Researchers from Switzerland recently provided the first evidence that forest trees absorb the plastic from the soil, i.e. store it in their tissue. They examined one to two-year-old seedlings of birch, spruce and sessile oak after the lowest roots had been in a solution containing tiny polystyrene nanoparticles for a few days. In fact, the scientists later found the plastic particles in the higher parts of the plant.

The researchers found significant amounts of plastic particles, especially in the trunk of the birch, which consumes a lot of water. "Normally everything that needs to go up in a tree is transported with the transpiration flow via the wood body, the xylem," explains study leader Arthur Gessler from the Swiss Federal Institute for Forest, Snow and Landscape Research (WSL). "We therefore assume that the nanoplastic is also transported in this way."

The researchers cannot currently answer whether the plastic pollution damages the trees. The amounts ingested were very small, explains Gessler. "But if trees are exposed to these concentrations for years, a significant transport and consequently accumulation in the leaves, trunk and branches must be expected." The nanoparticles are small enough to interact with the cell membranes to kick, explains the ecologist. "Once they are in the cells, it is conceivable that they interact with the organelles and in this way influence photosynthesis, for example."

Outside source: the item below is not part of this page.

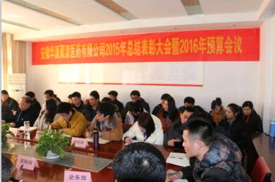2016年2月2日,公司全体员工齐聚三楼会议室,隆重召开安徽华源聚源医药有限公司2015年总结大会暨2016年预算会议,参加会议的领导有:公司总经理张宝军、质量副总张冬枫、副总经理兼财务经理董治朝、太和分公司张保坤经理、医院托管部赵匀锋经理,以及各职能部门负责人,在会议上,各部门负责人就2015年工作进行了总结与汇报,同时结合公司2016年的战略目标,就新的一年具体行动计划和预算目标进行了详细的阐述。张总代表公司对过去的一年进行了总结,对于取得的成绩给予充分的肯定,对存在的问题与不足进行了分析,为公司2016年做了战略布局和明确指示,最后张总与各部门负责人现场签订了年度目标承诺书。同时要求大家齐心协力,继续发扬顽强拼搏、开拓创新的精神,为全面完成2016的各项工作而努力奋斗!

The consequences for the plants still have to be examined in more detail. It is conceivable that plastic pollution is an additional burden on forests, which are already under severe pressure from climate change.

Ultimately, the plastic could also end up in humans via contamination of plants. In experiments with rice plants, Chinese researchers demonstrated that the roots of the plantlets absorb the particles and transport them to the upper parts of the plant. Is the consumption of plastic-contaminated plants problematic for humans? There is no clear answer to this question.

Rillig points out that the particles also reach field plants via the air and can possibly get into the body this way alone. In addition, the plastics can contain various additives that are harmful to health or the environment, such as flame retardants and stabilizers. The problem might not then be the intake of the microplastic itself, but the toxic substances associated with it. Of particular concern in this context is microplastics from tire abrasion, which, according to the Federal Environment Agency (UBA), is the largest source of plastic emissions into the environment. This means that numerous toxic substances such as zinc, lead or cadmium are released into the environment.

Most of the work to date on uptake in plants is laboratory testing. Even if the concentrations of plastic used correspond to those found in the field, the conditions are artificial. The plants are usually grown in a so-called hydroponic culture, in which their roots are immersed in an aqueous solution to which the plastic particles have been added. "These are pretty unrealistic scenarios," admits Matthias Rillig. "The microparticles stick everywhere in the soil, the amounts absorbed are likely to be lower than in laboratory experiments."

Direct measurements of microplastics in plants outdoors are currently difficult if not impossible - there are simply no reliable methods. After all, microplastics can be detected microscopically with great effort. There are currently no established measurement methods for the much smaller nanoplastic particles.